Figure 2. Validation and refinement of serum-free differentiation protocols determined by CombiCult® technology resulted in identification of protocols that drive MSC differentiation to mineralizing osteocytes. The novel protocols are more effective than commercially available kits and give consistent results across multiple cell lines. Alizarin red staining of MSC cultures differentiated for 28 days; cell lines 1-3: bone marrow-derived MSC; cell line 4: adipose-derived MSC.
Figure 3. Differentiation of multiple MSC cell lines using (A) (i) OsteoMAX-XF™ Differentiation Medium; (ii) Supplier LT Osteogenic Differentiation Kit. Differentiation was induced over 21 days in 48-well plate cultures of four different human MSC cell lines. Alizarin Red staining of representative wells at day 7, 14 and 21 are shown. B) Mineralization kinetics of human bone-marrow derived MSC (SCC034) differentiated in OsteoMAX-XF™ Medium.
Figure 4. Large scale osteocyte differentiation of bone-marrow MSC cell lines using OsteoMAX-XF™ Differentiation Medium stained with Alizarin Red mineral staining (TMS-008) after 10 days of differentiation. Approximately 107 mineralizing osteoblasts could be obtained from a 600 cm2 cell culture flask or 500 cm2 roller bottle.
Figure 5.Quantitative alkaline phosphatase determination of OsteoMAX-XF™ stability.
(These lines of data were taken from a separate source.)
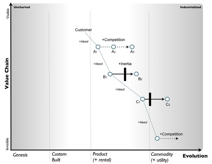 Now, every component is evolving from the uncharted space to becoming more industrialised through the effects of supply and demand competition. Hence activity A evolves from A1 to A2 to A3 etc. Most of the time such evolution is sustaining i.e. it involves incremental improvements in the act e.g. a better phone.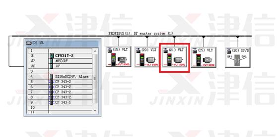 為使改造系統(tǒng)完美,在第一種方案試機(jī)成功以后,我們又為客戶設(shè)計(jì)了第二套改造方案,將從機(jī)變頻器也加入到DP總線上,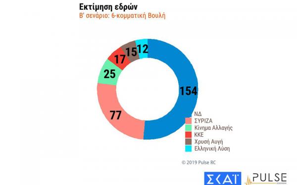 Στο δεύτερο σενάριο, όπου δηλαδή η Βουλή θα είναι εξακομματική, η αυτοδυναμία της Νέας Δημοκρατίας διευρύνεται στις 154 έδρες, με το κόμμα του Γ. Βαρουφάκη να μένει εκτός.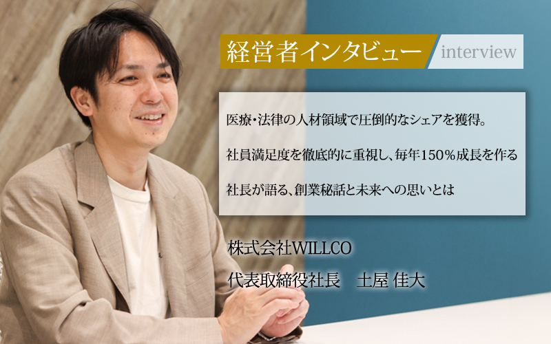 そうした専門職の人材領域にはびこる課題にフォーカスし、事業を展開しているのが、株式会社WILLCOだ。専門職領域に人材課題、またWILLCOが掲げる働く幸せとはどのような考えに基づくのか。代表取締役社長の土屋佳大氏に、こうした理念に至った起業の背景や、今後の事業のテーマについてうかがった。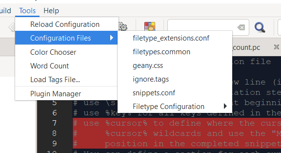 # position in the completed snippet.但是,如果要自定义代码段文件,则通常编辑自己用户的文件,可以在菜单中访问该文件:工具-配置文件- snippets.conf。
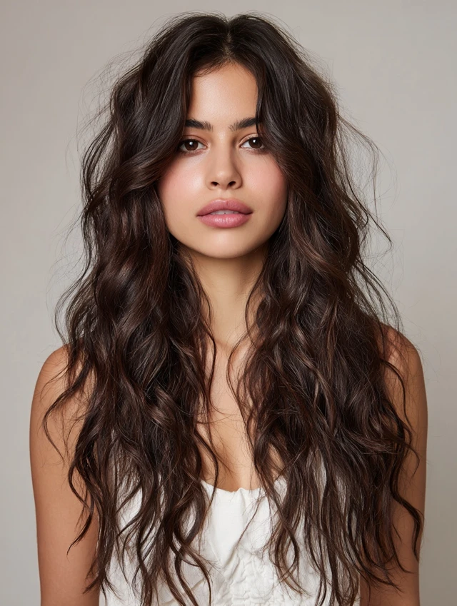 A wavy long shag adds natural texture and volume. Loose waves enhance layers, giving hair a fuller, more dynamic look.
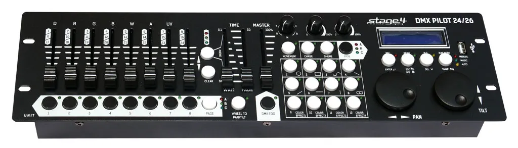STAGE4 DMX PILOT 24/26 Контроллер для управления светом. 24 прибора по 26 каналов максимум каждый.DMX512/RDM, 512 DMX каналов (SOFT PATCH), USB-порт, 2 колеса для PAN/TILT, библиотека встроенных эффектов для PAN/TILT и RGBW синтеза цвета. 482*134*70 мм.,

OsteoMAX™ medium was subjected to stressed conditions ranging from 24 hours at RT to 7 days at 37 °C. Cells were exposed to varying concentrations of the stressed supplements for 7 days before the conditioned medium was collected for quantitative determination of AP activity. Our Quantitative Alkaline Phosphatase ES Characterization Kit (SCR066) was used. Stressed conditions were: #1: One freeze-thaw cycle (control); #2: Two freeze-thaw cycles; #3: Two freeze-thaw cycles, 24 hours at RT; #4: Two freeze- thaw cycles, 2 days at RT; #5: Two freeze-thaw cycles, 3 days at RT; #6: Two freeze-thaw cycles, 4 days at RT; #7: Two freeze-thaw cycles, 6 days at RT; #8: Two freeze-thaw cycles, 8 days at RT; #9: Two freeze-thaw cycles, 7 days at 37 °C.
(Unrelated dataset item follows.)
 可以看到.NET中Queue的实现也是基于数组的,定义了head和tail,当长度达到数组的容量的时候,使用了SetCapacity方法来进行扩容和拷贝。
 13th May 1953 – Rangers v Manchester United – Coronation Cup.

We describe the discovery and commercial development of a novel, serum-free and xeno-free MSC osteogenic differentiation medium. The formulation is extremely efficient, generating mineralized cultures in under 7 days, and works consistently across all sources of MSCs tested, including those derived from pluripotent stem cells. This is particularly important for generation of autologous therapies or disease and patient-specific cells for drug screening. Differentiation can be scaled to generate the number of cells required for large-scale applications. OsteoMAX-XF™ medium offers a reliable, simple, cost effective method to generate human osteoblasts for research, clinical and drug discovery applications.